La semplicità della vita quotidiana era presente anche in quelle
giornate particolari, quando bastava una teglia di pasta al forno e un cesto
di pane caldo a rendere indimenticabili i momenti trascorsi tutti insieme.
Santa Barbara, era la tenuta estiva dei miei nonni. E' una borgata situata
verso Galatina, Coperino. I miei genitori, abitavano appunto a Copertino,
a pochi chilomentri da Santa Barbara. I nonni per stare più a lungo
con noi nipoti, passavano la maggior parte dell'anno in campagna. Sapendoli
lì, noi trascorrevamo tutti i giorni di festa con loro.
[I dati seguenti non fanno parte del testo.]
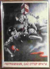
ПОГРАНИЧНИК, СМЫ ОТПОР ВРАГЪ

Era stupendo
il Natale in campagna. Il fascino di quel luogo era costituito anche dalle
persone che ci abitavano: oltre ai miei nonni ed a mia zia, c'erano i coloni
e le loro famiglie. Gente semplice, buona, generosa. I loro bambini le domeniche
con il vestito della festa giocavano in strada con le noci: chi riusciva
a lanciarla più vicino ad un muro le vinceva tutte. Le bambine giocavano
a campana, o a staccia. Con i vestitini corti corti saltellavano sui riquadri
disegnati in terra. Altre bimbe giocavano a tuddhi, sassolini arrotondati
che buttavano in aria e che riprendevano al volo tutti insieme. Erano questi
i giochi semplici che facevano rascorrere la giornata anche a noi, presi
fra gli affetti familiari ed i giochi all'aria aperta.